While many studies have reported semen quality changes during COVID-19 infection, studying the long-term reversibility is warranted [1, 6, 15, 16, 19]. In one study of semen quality, COVID-19 patients had significantly lower values of semen volume, progressive sperm motility, normal sperm morphology, sperm concentration, and number of spermatozoa relative to the control group. Their results showed enhanced numbers of spermatozoa and percentages of progressive motility in semen analyses performed through the following 60 days, relative to the baseline value among the COVID-19 patients. Although they observed a form of improvement of semen quality towards normal, full recoverability of these parameters seemed uncertain within 60 days [6]. The current results come in parallel with these findings, where the improvement was significantly better with longer duration after COVID-19 resolution. Li et al. [1] reported that 39.1% of hospitalized patients with COVID-19 had oligozoospermia, attributing impairment of spermatogenesis to an elevated immune response and autoimmune orchitis [1]. Other researchers have found significant changes in sperm morphology during the infection phase of the disease and attributed them to the acute stress of COVID-19 [16, 19]. Similarly, the current results revealed that the changes in sperm morphology were the most prominent abnormality in sperm characteristics during the infection phase with significant improvement after recovery from the disease.
The pathophysiological mechanisms of testicular damage by COVID-19, including the relations between the receptors and frequent viral mutations, represent a principal point in the relevant literature. The effects of COVID-19 on the hypothalamic-pituitary-gonadal axis have been addressed by the ongoing studying. This is in concordance to the research efforts required for testicular protection against COVID-19 by developing standardized treatment strategies [2, 21]. Regarding the effects on fertility outcomes, the clinical aspect of testicular effects of COVID-19 is primarily directed towards its potential effects on semen quality. However, the long-term effect is not yet fully understood [2,3,4]. Hence, the current study may be useful in providing a step forward in studying the temporal effects of COVID-19 on spermatogenesis.
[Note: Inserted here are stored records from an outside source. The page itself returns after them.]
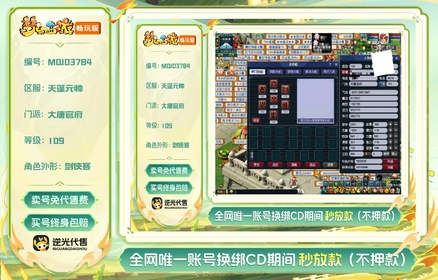 【MOJ03784】 | 总经验:45000万 | 等级:109 | 大唐官府 | 无换绑CD | 180天尊享特权 | 男 | 【逆光代售卖号0手续费】【买号找回永久包赔】
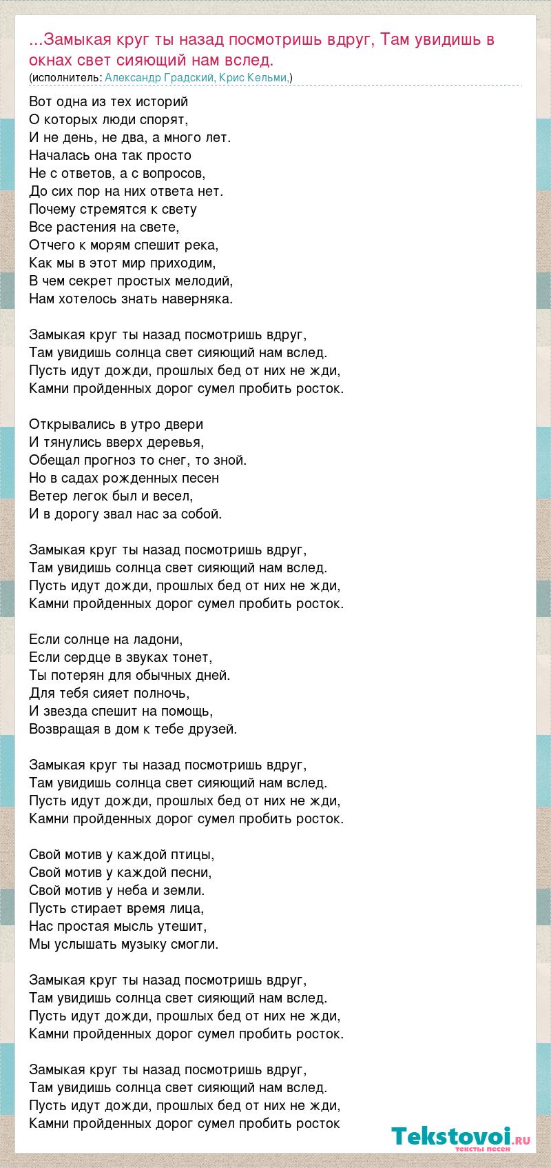 Вот одна из тех историй О которых люди спорят, И не день, не два, а много лет. Началась она так просто Не с ответов, а с вопросов, До сих пор на них ответа нет. Почему стремятся к свету Все растения на свете, Отчего к морям спешит река, Как мы в этот мир приходим, В чем секрет простых мелодий, Нам хотелось знать наверняка. Замыкая круг ты назад посмотришь вдруг, Там увидишь солнца свет сияющий нам вслед. Пусть идут дожди, прошлых бед от них не жди, Камни пройденных дорог сумел пробить росток. Открывались в утро двери И тянулись вверх деревья, Обещал прогноз то снег, то зной. Но в садах рожденных песен Ветер легок был и весел, И в дорогу звал нас за собой. Замыкая круг ты назад посмотришь вдруг, Там увидишь солнца свет сияющий нам вслед. Пусть идут дожди, прошлых бед от них не жди, Камни пройденных дорог сумел пробить росток. Если солнце на ладони, Если сердце в звуках тонет, Ты потерян для обычных дней. Для тебя сияет полночь, И звезда спешит на помощь, Возвращая в дом к тебе друзей. Замыкая круг ты назад посмотришь вдруг, Там увидишь солнца свет сияющий нам вслед. Пусть идут дожди, прошлых бед от них не жди, Камни пройденных дорог сумел пробить росток. Свой мотив у каждой птицы, Свой мотив у каждой песни, Свой мотив у неба и земли. Пусть стирает время лица, Нас простая мысль утешит, Мы услышать музыку смогли. Замыкая круг ты назад посмотришь вдруг, Там увидишь солнца свет сияющий нам вслед. Пусть идут дожди, прошлых бед от них не жди, Камни пройденных дорог сумел пробить росток. Замыкая круг ты назад посмотришь вдруг, Там увидишь солнца свет сияющий нам вслед. Пусть идут дожди, прошлых бед от них не жди, Камни пройденных дорог сумел пробить росток
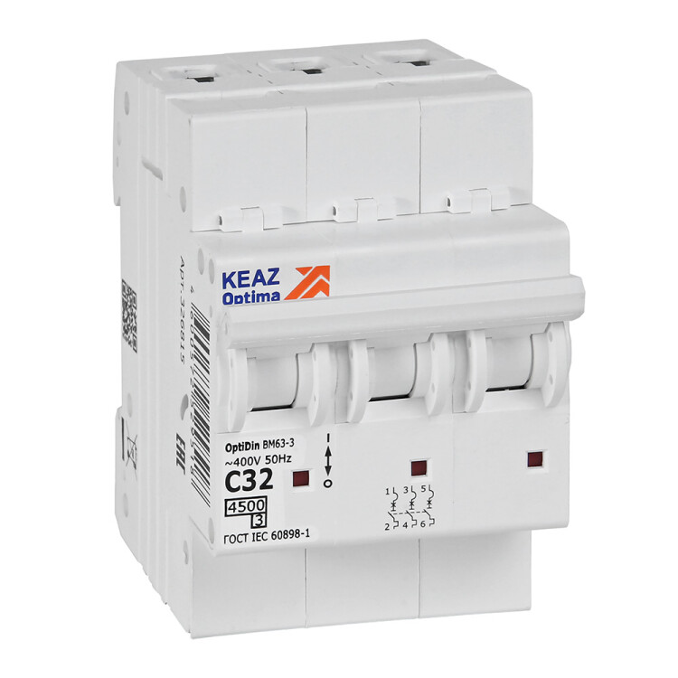 Модульный автоматический 3 полюсный выключатель переменного тока с предельной коммутационной способностью при переменном токе 4,5 кА на номинальный ток 32 А. Модульные автоматические выключатели OptiDin ВМ63 4,5 кА предназначены для применения в электрических цепях напряжением до 400 В переменного тока частоты 50 Гц, их защиты при перегрузках и коротких замыканиях, проведения тока в нормальном режиме и оперативных включений и отключений указанных цепей (до 30 раз в сутки). OptiDin ВМ63 4,5 кА разработаны специально для использования в жилищном секторе - распределительных, квартирных и этажных щитах.
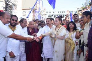 मनमाड :आपल्या सर्वांच्या आशीर्वादामुळेच मी हे सर्व काही करू शकलो असेच आशीर्वाद कायम राहू द्या मी आपणास शब्द देतो की भविष्यात मनमाड शहरात भव्य दिव्य भीमसृष्टी उभारणार : आमदार सुहास आण्णा कांदेचाळीस वर्षानंतर मनमाड करांचे स्वप्न पूर्ण करू शकलो आणि ही जबाबदारी माझ्या नशिबात आली ही सर्व आपल्या आशीर्वादामुळेच शक्य झाले असे मनोगत आज मनमाड येथील लोकार्पण सोहळा प्रसंगी आमदार सुहास अण्णा कांदे यांनी व्यक्त केलेभारतरत्न डॉक्टर बाबासाहेब आंबेडकर स्मारकाचे लोकार्पण आज मोठ्या उत्साहात हजारोंच्या संकेत नागरिकांच्या उपस्थितीत संपन्न झाले.या लोकार्पण सोहळा पूज्य भदंत डॉक्टर राहुल बोधीजी उपस्थित होते व त्यांच्या हस्ते विधिवत पूजन करण्यात आले. यावेळी पूजेस आमदार सुहास अण्णा कांदे व सौ अंजूम ताई कांदे बसल्या होत्या.आज माता रमाई जयंती निमित्त मनमाड शहरातील विविध भागातून मिरवणूक काढून लोकार्पण सोहळा ठिकाणी या मिरवणुकीची समाप्ती झाली. यानंतर सर्वपक्षीय सर्व समाजातील पदाधिकारी व प्रतिष्ठित नागरिक तसेच हजारोंच्या संख्येने उपस्थित असलेले भीम व आंबेडकर अनुयायी यांच्या उपस्थितीत लोकार्पण सोहळा संपन्न झाला.मनमाडकर समाज बांधवांकडून आमदार सुहास अण्णा कांदे यांचा नागरिक सत्कार करून त्यांना सन्मानचिन्ह व सन्मानपत्र देण्यात आले.लोकार्पण सोहळा सुरू असताना आकाशातून नेहेलिकॉप्टर द्वारे पुष्पृष्टी करण्यात आली, दोन हेलिकॉप्टर ने आकाशात सात वेळा घिरट्या मारत स्मारकावर पुष्पवृष्टी केली.लोकार्पण सोहळ्यानिमित्त कमालीचा उत्साह आनंद जल्लोष समाज बांधवांमध्ये पाहण्यास मिळाला.मनमाड शहरातील आंबेडकर पुतळ्यास विशेष महत्त्व आहे बोधिसत्व डॉक्टर बाबासाहेब आंबेडकर यांना दीक्षा देणारे भदंत यांनीच मनमाड शहरातील पुतळ्याचे उद्घाटन केले होते या दृष्टिकोनातून या पुतळ्यास विशेष महत्त्व प्राप्त होते, चाळीस वर्षांपासून मनमाड शहरातील समाज बांधवांची पूर्णाकृती पुतळा असावा अशी मागणी शासनाकडे होती पण ती प्रलंबित होती, आमदार सुहास अण्णा कांदे यांनी मनमाड शहरातील सर्व महापुरुषांची पुतळे व स्मारके नव्याने उभारणार असा शब्द निवडणुकीत दिला होता.चाळीस वर्षांच्या पूर्णाकृती पुतळा ची मागणी आज पूर्ण होत असल्याने समाजबांधवांसाठी हा सुवर्णक्षण आहे आणि म्हणूनच आमदार सुहास अण्णा कांदे यांच्या वतीने लोकार्पण सोहळ्याचे आमंत्रण पत्रिका मिठाई तसेच एका सणाप्रमाणे साजरा करावयास लागणाऱ्या वस्तू एका लोकार्पण सोहळा निमित्त सप्रेम भेट लिहिलेल्या बॅग मधून मतदार संघातील समाज बांधवांच्या घराघरात जाऊन कार्यकर्त्यांच्या माध्यमातून आमंत्रण देण्यात आले होते.मनमाड शहरातील साहित

The limitations of the current study include the non-testing of the hormonal profiles of those patients, and the lack of baseline semen quality, which may have detected spermatogenic defects before disease onset. Although the exclusion of patients with severe COVID-19 was to avoid the effect of the constitutional effects of the disease on spermatogenesis, it is a form of selection bias. However, this should not be the important, because the current study and the results were strictly relevant to the patients with mild-to-moderate COVID-19.